IDF (Inverse Document Frequency): Measures the importance of the term in the corpus. A term that appears in many documents may not be as informative.

Therefore, by using TfidfVectorizer, we transform a collection of text documents into a numerical matrix representing the relative importance of each word in each document, relative to the entire corpus. This matrix is commonly used as input for machine learning algorithms, especially in natural language processing tasks such as text classification.

Train test split¶

In [9]:

from sklearn.model_selection import train_test_split

X_train, X_test, y_train, y_test = train_test_split(X, y, test_size = 0.2, random_state = 42)

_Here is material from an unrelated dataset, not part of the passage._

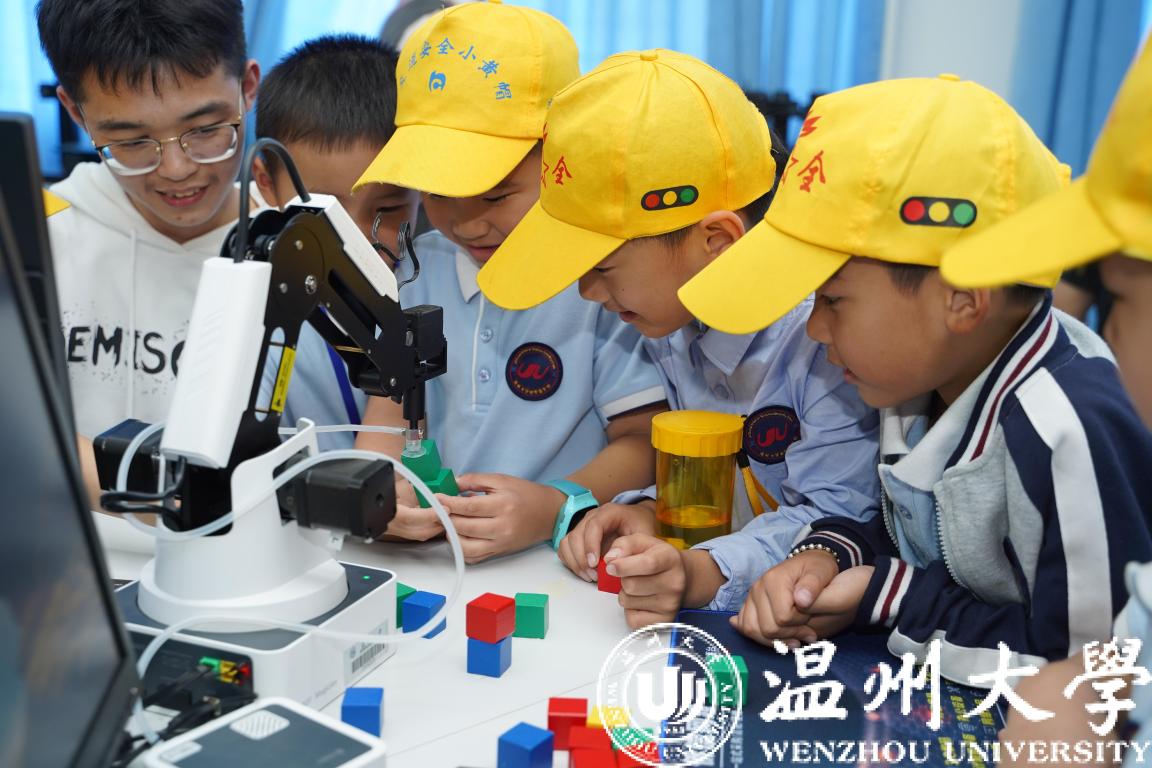 温州大学城附属学校学生先后参观了学院Dobot机械臂实验室、虚拟教学(VR)实验室和机器人模拟室。同学们观察了3D打印过程、开展了人机五子棋比赛和虚拟现实(VR)体验等,最后参观了学生科技成果展示厅,同学们对这些科技成果展现了浓厚的兴趣,还纷纷在展厅的荣誉墙前合影。

Step 3: Initialization and training of the model¶

In [10]:

from sklearn.svm import SVC

model = SVC(kernel = "linear", random_state = 42)
model.fit(X_train, y_train)

Out[10]:

SVC(kernel='linear', random_state=42)

In a Jupyter environment, please rerun this cell to show the HTML representation or trust the notebook.
On GitHub, the HTML representation is unable to render, please try loading this page with nbviewer.org.

Step 4: Model prediction¶

Once the model has been trained, it can be used to predict with the test data set.

In [11]:

y_pred = model.predict(X_test)
y_pred

Out[11]:

array([0, 0, 0, ..., 0, 0, 0])

With raw data, it is very difficult to know whether the model is getting it right or not. To do this, we must compare it with reality. There are many metrics to measure the effectiveness of a model in predicting, including accuracy, which is the fraction of predictions that the model makes correctly.

In [12]:

from sklearn.metrics import accuracy_score

accuracy_score(y_test, y_pred)

Out[12]:

0.9748062015503876

Step 5: Saving the model¶

Once we have the model we were looking for (presumably after hyperparameter optimization), to be able to use it in the future it is necessary to store it in our directory, together with the seed.

In [13]:

from pickle import dump

dump(model, open("svm_classifier_linear_42.sav", "wb"))

Adding an explanatory name to the model is vital, since in the case of losing the code that has generated it we will know, on the one hand, what configuration it has (in this case we say linear because the kernel is linear) and also the seed to replicate the random components of the model, which in this case we do by adding a number to the file name, 42.